When discussions get heated, sometimes people dig in their heels, even as they suspect that their own position has become untenable. (Maybe _because_ their position is untenable.)  I’ve made a point on campus of trying to move the culture away from that, to create an environment in which people can admit when they’ve goofed without losing face.  Ultimately, it’s better just to admit the mistake and get closer to truth.  But it’s easier said than done.

Fair is fair.  If I want others to admit when they’re wrong, I should do the same.

I got it wrong on the Starbucks tuition deal.  I started writing before doing the digging that needed to be done.

Over the past few days, enough details have come out that I really can’t embrace it anymore.  And if I had put in enough time upfront, I probably would have noticed at least some of them.  My thanks to Sara Goldrick-Rab, Anya Kamenetz, Tressie McMillan Cottom, Rachel Fishman, and many others who actually did their homework first.  

The benefit that Starbucks is offering requires hourly workers without two years’ worth of college credits to front over ten thousand dollars on their own before getting any help.  For most, that’s unrealistic.  It’s also strange, given that most Starbucks workers live within reasonable distance of a fully accredited community college that specializes in the first two years and charges much less.  For most hourly workers, doing two years’ worth of credits at a community college and then transferring for the bachelor’s makes far more financial sense.  Enough community colleges have enough online courses at this point that the objection from convenience mostly doesn’t hold anymore; students whose schedules require online delivery can find it inexpensively.

For the third and fourth years, the deal gets better, but it’s still oddly restrictive.  It only covers a single institution.

I don’t fault Starbucks for making an online option available; given the shifting hours characteristic of the industry, online classes may be the best option for many students.  And depending on where you live, transportation can be a significant cost in terms of both time and money.  But there’s a difference between making an online option available -- which I support -- and making it the only option available.

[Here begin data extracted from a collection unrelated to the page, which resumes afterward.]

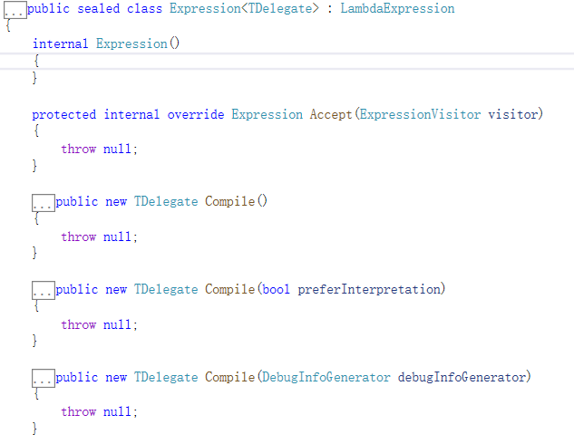 3、我们进入Expression一看究竟,我们可以看到Expression<Func<TSource, bool>>里面有一些方法(后面会慢慢道来),最终继承LambdaExpression
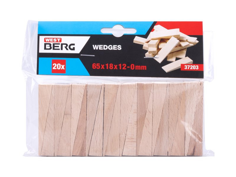 Fa ékek (bükk, tölgy), méret: 65 x 18 x 0-12 mm, mennyiség: 20 db, felhasználás: ablakok, ajtókeretek és fémszerkezetek beépítéséhez, csomagolás: eurólyukkal ellátott buborékfólia.
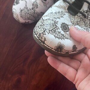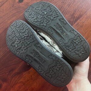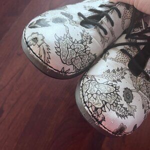 Alegria Essence Winter White Size 39 (US 9). White leather shoes with black print. In overall good pre-owned condition. Some scratching on the toe of one shoe, pics included to show detail. Not overly noticeable with the print.
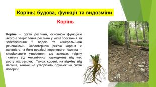Корінь: будова, функції та видозміни. Корінь. Корінь — орган рослини, основною функцією якого є закріплення рослини у місці зростання та забезпечення її водою та мінеральними речовинами. Характерною рисою кореня є наявність на його верхівці кореневого чохлика — спеціального утворення, що захищає твірну тканину від механічних пошкоджень під час росту під землею. Також корені, на відміну від пагонів, майже не утворюють бруньок на своїй поверхні.
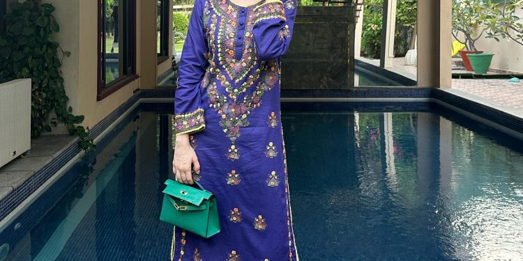 is truly remarkable in this happening dress from Kanwal Moosa
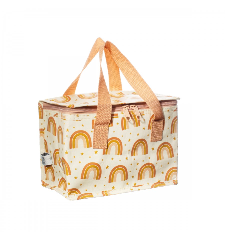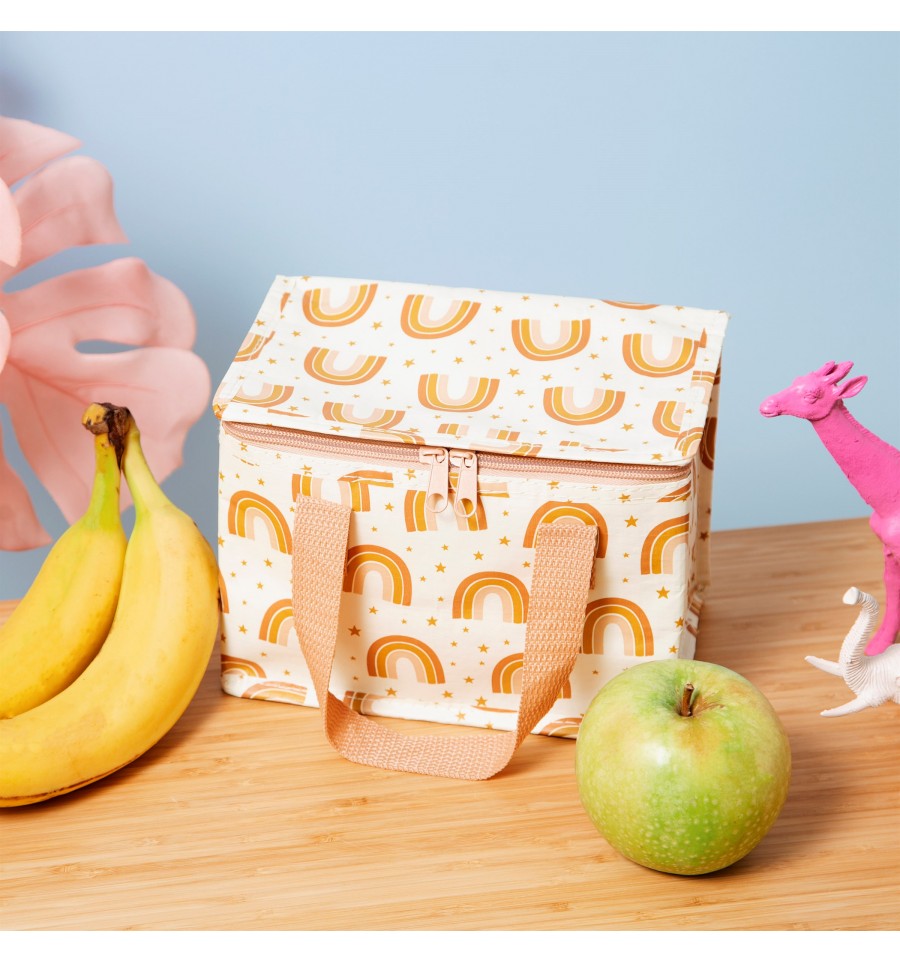 Un petit sac isotherme illustré de nombreux arcs-en-ciel aux couleurs douces et tendances.

In the original post, I praised Wegmans for the scholarships it offers students.  I’m sticking by that, precisely because their scholarships don’t restrict students to one place.  They’re portable.  They allow students to pick the programs and places that make the most sense for them.  If a given student wants an online program, that’s fine; if she prefers to go to campus, and can make that work, she can do so.  The Starbucks deal offers one delivery method, from one institution, take it or leave it.  That’s...peculiar.  Surely ASU is not the only university in America that’s up to snuff.

In my perfect world, employer sponsorships wouldn’t be necessary at all.  We’d have generous public funding that would make high-quality public options truly available to everybody.  That’s not as utopian as it sounds; it actually describes CUNY until the early 1970’s.  It can be done.  But politically, we’re so far from there that I’m happy to see employers step up to help.  In this case, I let my enthusiasm get ahead of me.  Grading on a curve for too long can do that.

In the meantime, there’s work to be done.  Back to the trenches.